Ричард закрыл глаза и потер виски кончиками пальцев.

– Если мне все время придется ждать, когда Кара спасет меня, боюсь, я останусь без головы, – заметил он.

Кара круглыми глазами посмотрела на неуловимую улыбку на его лице и вернулась к своей колбасе.

Рассматривая лицо мужа в тусклом свете, в то время как он посасывал маленький кусочек сухого хлеба, Кэлен подумала, что Ричард неважно выглядит, и дело не только в том, что он истощен. Мягкий свет фонаря освещал одну сторону его лица, оставляя другую в тени, как будто он лишь наполовину был здесь – половина в этом мире и половина в мире тьмы, как если бы он был завесой между ними.

Она придвинулась ближе и убрала назад волосы, упавшие ему на лоб, потом безмолвно извинилась, коснувшись его брови. На ощупь Ричард был горячим, но все путешественники этим вечером были горячими и потными, так что Кэлен не могла с уверенностью сказать, был ли у него жар. Во всяком случае, она так не думала.

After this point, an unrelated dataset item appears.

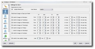 KChildlock è una semplice applicazione, specifica per kde, che controlla e limita il tempo trascorso sul computer di un bambino. I limiti possono essere specificati per ogni giorno della settimana, dalle ore inferiore e superiore, e il massimo tempo di utilizzo giornaliero.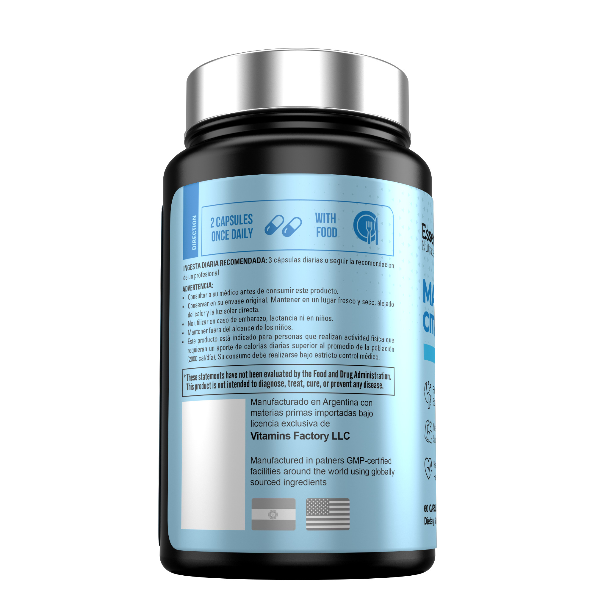Detalles: 60 cápsulas · 1500 mg · Marca: Essential Nutraceuticals Uso: 2 cápsulas al día, preferentemente antes de dormir

Ее рука скользнула вниз, чтобы закрыть его лицо, и это вызвало улыбку Ричарда. В который раз Кэлен поймала себя на мысли, что умирает от наслаждения всегда, когда просто смотрит в его глаза. Ее сердце кольнуло от радости, когда она увидела улыбку на лице мужа. И Кэлен улыбнулась в ответ, улыбнулась только ему. О, как ей хотелось поцеловать его... Но вокруг были люди, а поцелуй, который она мечтала подарить, не был целомудренным.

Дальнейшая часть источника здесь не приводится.